What to do: In the material below, find the line with "Quadro acrilico su" and the line with "Каналы передачи данных", then output both and every line between them exactly, omitting pictures.
(Extracted information Opens)
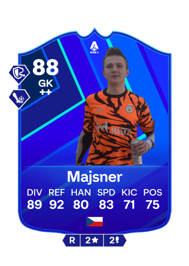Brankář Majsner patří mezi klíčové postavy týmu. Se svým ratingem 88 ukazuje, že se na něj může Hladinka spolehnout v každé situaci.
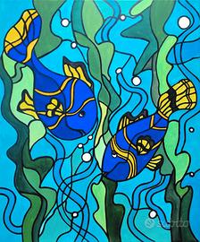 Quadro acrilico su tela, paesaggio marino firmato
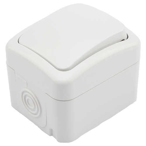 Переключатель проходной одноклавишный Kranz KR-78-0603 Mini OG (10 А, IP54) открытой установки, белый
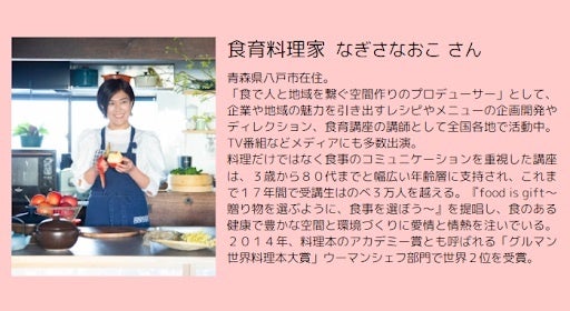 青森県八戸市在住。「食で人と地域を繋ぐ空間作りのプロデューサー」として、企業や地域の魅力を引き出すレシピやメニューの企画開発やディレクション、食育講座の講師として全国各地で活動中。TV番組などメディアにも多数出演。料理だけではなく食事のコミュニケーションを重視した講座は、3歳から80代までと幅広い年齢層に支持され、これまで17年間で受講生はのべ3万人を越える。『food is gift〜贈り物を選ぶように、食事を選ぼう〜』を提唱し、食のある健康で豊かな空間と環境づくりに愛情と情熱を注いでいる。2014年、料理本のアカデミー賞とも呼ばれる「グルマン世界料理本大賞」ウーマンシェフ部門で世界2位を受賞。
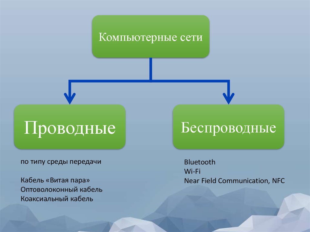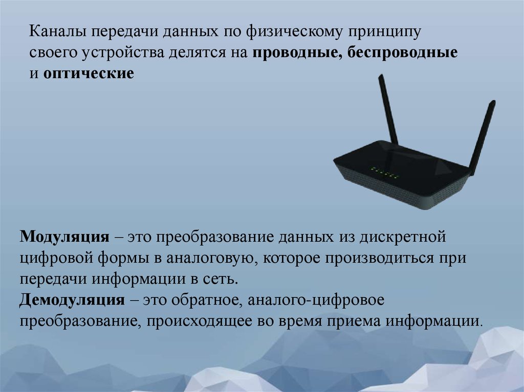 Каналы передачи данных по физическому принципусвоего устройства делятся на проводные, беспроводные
(Extracted information Closes)
(Extracted information Opens)
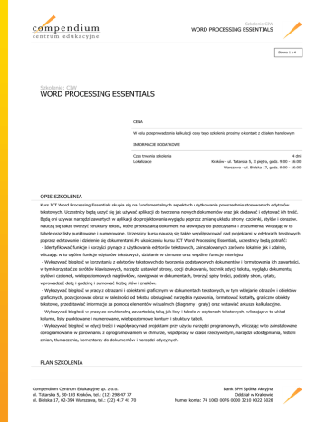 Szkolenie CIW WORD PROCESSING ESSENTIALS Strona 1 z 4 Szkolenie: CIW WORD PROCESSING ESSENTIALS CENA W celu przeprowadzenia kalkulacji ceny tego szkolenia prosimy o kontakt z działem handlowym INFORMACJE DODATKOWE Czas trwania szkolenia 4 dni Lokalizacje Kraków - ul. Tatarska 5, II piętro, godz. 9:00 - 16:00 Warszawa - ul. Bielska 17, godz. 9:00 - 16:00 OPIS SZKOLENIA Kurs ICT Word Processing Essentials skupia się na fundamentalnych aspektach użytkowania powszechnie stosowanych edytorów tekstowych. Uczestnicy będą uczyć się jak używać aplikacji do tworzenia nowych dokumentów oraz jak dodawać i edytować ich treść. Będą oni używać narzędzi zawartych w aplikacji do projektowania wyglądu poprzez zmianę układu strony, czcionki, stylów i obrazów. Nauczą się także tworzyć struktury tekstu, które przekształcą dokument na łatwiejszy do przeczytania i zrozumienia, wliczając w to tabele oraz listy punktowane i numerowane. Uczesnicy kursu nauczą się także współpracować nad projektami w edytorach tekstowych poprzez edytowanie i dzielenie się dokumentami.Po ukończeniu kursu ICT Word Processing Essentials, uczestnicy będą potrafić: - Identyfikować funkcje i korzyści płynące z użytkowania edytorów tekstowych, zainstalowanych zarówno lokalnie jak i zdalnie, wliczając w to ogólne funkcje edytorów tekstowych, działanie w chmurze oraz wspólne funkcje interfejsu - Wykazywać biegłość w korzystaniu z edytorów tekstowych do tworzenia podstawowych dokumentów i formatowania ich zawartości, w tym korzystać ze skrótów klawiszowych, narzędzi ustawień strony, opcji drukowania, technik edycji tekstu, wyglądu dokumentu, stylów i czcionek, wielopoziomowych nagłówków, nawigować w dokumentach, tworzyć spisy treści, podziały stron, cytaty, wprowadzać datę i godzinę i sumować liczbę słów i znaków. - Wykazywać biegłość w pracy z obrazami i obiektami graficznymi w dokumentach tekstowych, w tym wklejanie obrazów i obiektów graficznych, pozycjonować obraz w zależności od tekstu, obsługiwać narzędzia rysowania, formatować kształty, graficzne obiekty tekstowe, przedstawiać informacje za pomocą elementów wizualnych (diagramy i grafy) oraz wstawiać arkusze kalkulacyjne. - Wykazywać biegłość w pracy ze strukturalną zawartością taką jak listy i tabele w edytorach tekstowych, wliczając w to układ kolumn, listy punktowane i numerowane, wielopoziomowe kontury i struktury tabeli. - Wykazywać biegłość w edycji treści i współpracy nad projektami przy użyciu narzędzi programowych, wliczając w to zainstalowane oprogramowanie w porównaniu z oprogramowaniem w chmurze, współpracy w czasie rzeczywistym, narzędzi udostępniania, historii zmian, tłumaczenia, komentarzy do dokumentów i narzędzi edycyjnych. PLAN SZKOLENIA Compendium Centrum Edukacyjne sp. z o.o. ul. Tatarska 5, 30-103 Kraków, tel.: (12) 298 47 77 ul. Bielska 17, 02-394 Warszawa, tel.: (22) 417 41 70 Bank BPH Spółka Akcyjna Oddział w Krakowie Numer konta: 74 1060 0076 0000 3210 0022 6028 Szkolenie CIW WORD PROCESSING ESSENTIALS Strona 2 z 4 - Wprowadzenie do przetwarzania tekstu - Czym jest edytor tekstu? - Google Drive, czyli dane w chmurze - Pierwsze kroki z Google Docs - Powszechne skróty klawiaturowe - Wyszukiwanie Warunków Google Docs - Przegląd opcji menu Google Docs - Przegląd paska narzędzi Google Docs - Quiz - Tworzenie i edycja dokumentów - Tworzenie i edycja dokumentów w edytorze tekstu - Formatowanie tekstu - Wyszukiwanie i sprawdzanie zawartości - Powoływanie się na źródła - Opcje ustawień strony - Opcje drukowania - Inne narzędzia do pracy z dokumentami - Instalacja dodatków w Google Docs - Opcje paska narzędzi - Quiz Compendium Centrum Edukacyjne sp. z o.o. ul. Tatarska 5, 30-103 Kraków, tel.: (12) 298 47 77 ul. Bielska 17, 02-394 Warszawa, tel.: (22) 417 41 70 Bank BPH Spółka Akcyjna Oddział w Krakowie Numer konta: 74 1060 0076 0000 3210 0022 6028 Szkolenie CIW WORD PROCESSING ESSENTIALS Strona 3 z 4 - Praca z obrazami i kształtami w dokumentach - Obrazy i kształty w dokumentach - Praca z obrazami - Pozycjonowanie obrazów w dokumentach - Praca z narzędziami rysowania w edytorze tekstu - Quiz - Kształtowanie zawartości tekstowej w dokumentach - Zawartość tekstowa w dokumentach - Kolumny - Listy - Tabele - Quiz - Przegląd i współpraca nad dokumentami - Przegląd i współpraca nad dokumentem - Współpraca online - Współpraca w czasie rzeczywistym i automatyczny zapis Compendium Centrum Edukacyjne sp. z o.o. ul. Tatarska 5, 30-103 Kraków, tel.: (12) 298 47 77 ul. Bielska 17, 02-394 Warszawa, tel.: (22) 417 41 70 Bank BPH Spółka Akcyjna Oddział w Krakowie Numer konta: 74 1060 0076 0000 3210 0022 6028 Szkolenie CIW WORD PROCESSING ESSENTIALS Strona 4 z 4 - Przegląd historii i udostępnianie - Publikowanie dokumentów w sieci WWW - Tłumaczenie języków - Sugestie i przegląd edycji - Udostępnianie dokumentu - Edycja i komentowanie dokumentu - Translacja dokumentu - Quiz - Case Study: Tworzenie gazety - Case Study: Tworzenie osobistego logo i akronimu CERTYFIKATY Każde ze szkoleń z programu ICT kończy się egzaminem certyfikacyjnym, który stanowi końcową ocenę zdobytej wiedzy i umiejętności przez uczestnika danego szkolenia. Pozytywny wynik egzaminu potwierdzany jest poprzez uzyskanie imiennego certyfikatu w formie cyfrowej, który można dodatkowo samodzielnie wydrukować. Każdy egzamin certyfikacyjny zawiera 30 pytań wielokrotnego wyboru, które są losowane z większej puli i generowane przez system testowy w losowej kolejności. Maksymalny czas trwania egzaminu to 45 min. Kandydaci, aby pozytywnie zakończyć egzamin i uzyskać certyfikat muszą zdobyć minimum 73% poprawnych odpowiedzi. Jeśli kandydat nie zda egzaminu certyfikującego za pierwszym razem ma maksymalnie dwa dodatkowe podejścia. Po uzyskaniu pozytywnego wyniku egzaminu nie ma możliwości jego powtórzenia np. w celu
(Extracted information Closes)
(Extracted information Opens)
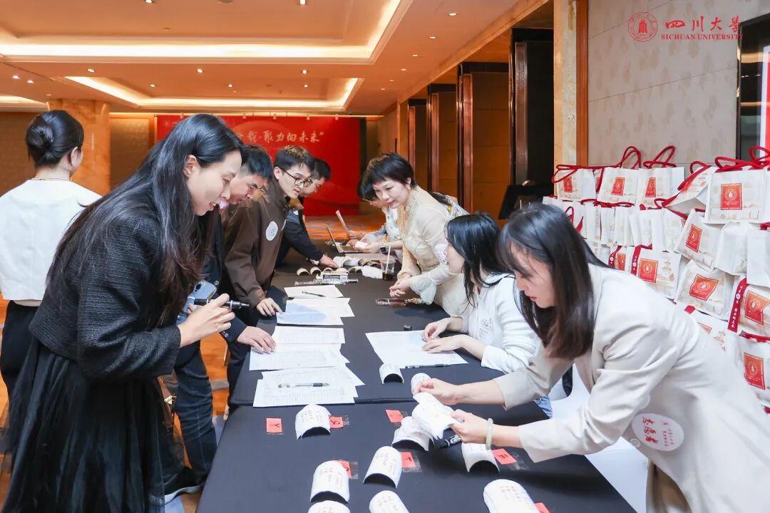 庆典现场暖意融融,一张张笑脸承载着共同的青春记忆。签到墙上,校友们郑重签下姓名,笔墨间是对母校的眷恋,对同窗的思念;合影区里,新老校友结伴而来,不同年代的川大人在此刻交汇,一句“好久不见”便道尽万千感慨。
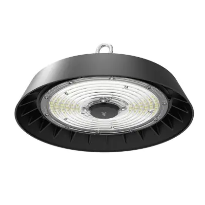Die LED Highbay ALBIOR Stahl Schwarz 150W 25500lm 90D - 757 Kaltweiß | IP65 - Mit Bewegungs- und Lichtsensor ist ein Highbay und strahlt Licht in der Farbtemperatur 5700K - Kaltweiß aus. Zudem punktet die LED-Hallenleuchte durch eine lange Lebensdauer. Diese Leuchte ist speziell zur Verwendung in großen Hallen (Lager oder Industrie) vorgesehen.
(Extracted information Closes)
Answer space:
 Quadro acrilico su tela, paesaggio marino firmato
 Переключатель проходной одноклавишный Kranz KR-78-0603 Mini OG (10 А, IP54) открытой установки, белый
 青森県八戸市在住。「食で人と地域を繋ぐ空間作りのプロデューサー」として、企業や地域の魅力を引き出すレシピやメニューの企画開発やディレクション、食育講座の講師として全国各地で活動中。TV番組などメディアにも多数出演。料理だけではなく食事のコミュニケーションを重視した講座は、3歳から80代までと幅広い年齢層に支持され、これまで17年間で受講生はのべ3万人を越える。『food is gift〜贈り物を選ぶように、食事を選ぼう〜』を提唱し、食のある健康で豊かな空間と環境づくりに愛情と情熱を注いでいる。2014年、料理本のアカデミー賞とも呼ばれる「グルマン世界料理本大賞」ウーマンシェフ部門で世界2位を受賞。
 Каналы передачи данных по физическому принципусвоего устройства делятся на проводные, беспроводные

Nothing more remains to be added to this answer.